|
JORDAN CONFLICT PROFILE
New Dynamics, Old Techniques: The State of Governance in Jordan
IDENTIFICATION
DATA OF POTENTIAL CONFLICT
NAME
OF CONFLICT
Ineffective
Governance: Lack of Political Communication
STAGE OF
CONFLICT
Political
Dispute to Crisis
HISTORY STATE
New Phase
MAIN ACTORS
Regime,
Opposition Parties, Professional Unions, NGOs, INGOs, Islamic
Militants, Community Leaders, IMF, USA, EU
ESCALATORY
POTENTIAL
Null
VICTIMS
No Victims
Concise History of
Potential Conflict
Governance in
Jordan
Since its
creation, Jordan’s governance strategy remained essentially
unchanged: giving priority to the state bureaucracy-including the
armed forces and security services- as mechanism of nation-building,
employment, and social development ; promoting the material
well-being of Jordanian citizens mainly in education and health;
forging the different indigenous tribal groups and other demographic
groups (Palestinians and others) into a single national identity;
playing the role of impartial arbitrator by remaining above the fray
of domestic tribal and political disputes; and constantly
negotiating economic and political aid from foreign and external
parties.
However, this
style of governance has not been as simple as it seems to be at
first glance. In fact, the system of governance in Jordan reflects
complex and multi-layered interactions among four basic forces of
authority and power in the Kingdom---the Monarchy, Tribalism,
Religion, and the Trade-based Institutions of the urban Jordan.
These relationships are intermediated through channels such as the
state bureaucracy, the parliament, security services, community
leaders, and the private sector. To elaborate, as far as direct
channels of communication between the state and the citizens is
concerned, the regime in Jordan had largely relied on community
leaders to play the role of intermediary between the central
government and the citizens . These elites have always delivered the
local concerns of their constituents and in return they were
rewarded by the state for their role through the augmentation of
their social and financial status to enable them to continue in
their role as intermediaries. This method of communication has long
served the majority of Jordanians because inherent in it are
structural mechanisms that provide most Jordanians with access to
senior decision-makers and, through them, to the resources of the
state (e.g. medical treatment, employment, or higher education).

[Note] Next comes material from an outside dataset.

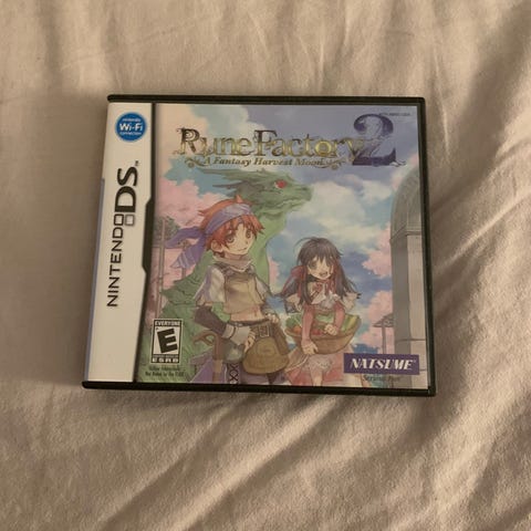 Nintendo DS Harvest Moon DS The Tale of Two Towns spel. Fysiskt Nintendo DS-spel i plastfodral med spelkassett och tryckt omslag. Spelet är PEGI 3-märkt och avsett för Nintendo DS-konsoler. Genre är jordbruks- och livssimulatorspel där spelaren driver en gård och interagerar med invånare i två olika byar.

In
other words, the combination of individualistic patron-client
networks along side formal, institutionalized commitments defined
the links in Jordan’s governance system and helped the regime to
preempt public protests and upsurges.
New Dynamics, Old
Techniques
The last decade
marked the point at which the abovementioned traditional governance
mechanism started to fray, and in some cases (e.g. the recent events
in the southern city of Ma’an) broke down completely. In specific,
disruption of aid and trade in early 1990s brought chronic fiscal
crisis thereby weakening these communal links . The Second Gulf War
not only resulted in the forced return of over 300,000 Jordanian
workers but the remaining aid subsidies from the Gulf and the US
were cut off . Fits of social protest, thus, among politically
important groups followed.
The
Jordanian-Israeli peace treaty in 1994, however, was a landmark in
redeeming Jordan within America’s foreign policy milieu in
Washington D.C. Jordan spared no effort to utilize this opportunity
to rebuild its relations with the United States. To elaborate, in
the last several years, the regime has sought stability through
application of significant US aid. In particular, by 2003 and after
the US war in Iraq, Jordan had forged a solid supra alliance with
the US making Jordan, as a US official put it, ‘a vital partner of
the US in its war against terror’. The arrival of direct budgetary
assistance from the United States as well as loan cancellations has
enhanced the country’s foreign currency reserves thereby stabilizing
the Dinar’s value.
Notwithstanding
these efforts to stabilize the governing system through application
of significant foreign aid and trade packages, unrelenting and
inherent old methods of governance made communication breakdown
between the citizens and the state inevitable. The Free Trade
Agreement between the United States and Jordan, although it has
dramatically boosted Jordan’s exports to the US and accounted for
some minimal foreign investment, has done little to impact the
unemployment numbers and there are serious questions about the
potential economy-wide benefits of the evolving agreement. The
economy could no longer cope with the demands of a growing
population, and the citizens became increasingly unsatisfied with
the recurring gaps in basic human services and the abuse of power
and authority that resulted from a system that lacked formal
political and institutional political accountability and
checks-and-balances. Moreover, the recent US invasion and occupation
of Iraq, while helped the regime in re-establishing aid links and
packages, has nonetheless helped to generate domestic opposition
that are detrimental for the regime’s efforts to maintain political
stability. In specific, the Jordanian regime has recently found it
easy to repress popular opposition and steadily erode the
liberalizations that were inaugurated in the wake of the 1989 riots.
SOURCES OF RISK
AND VULNERABILITY
CATEGORY
Political
Indicators (risk: Medium; vulnerability: High)
PROBLEM AREAS AND
ISSUES
Regime (risk: Low;
vulnerability: Null)
Ongoing regime
transition
Detrimental
political leaders’ personality
Authoritarian
Regime
Negative political
rights and civil liberty index (Freedom House)
Legitimacy deficit
of government /regime
Institutions
(risk: Medium; vulnerability: Null)
Ineffective
governance
Repressive or
discriminatory legal system
Lacking or
ineffective legal framework
International
Relations (risk: High; vulnerability: High)
External pressures
to adopt international standards
Detrimental
external actor(s)’s political interventions
Analysis of
Problem Areas and Disputed Issues
The main issues
debated concerning the governance in Jordan are:
• Transparent
system of governance [External pressures to adopt international
standards, Ineffective governance, Authoritarian Regime]
• Law-based
methods of governance [Lacking or ineffective legal framework,
Ineffective governance]
• Equal rights of
all citizens [Repressive or discriminatory legal system, Ineffective
governance]
• Freedom of
expression [Negative political rights and civil liberty index]
• Foreign Aid
[Detrimental external actor(s)’s political interventions, External
pressures to adopt international standards]
The average risk
factor for political indicators is medium and vulnerability high.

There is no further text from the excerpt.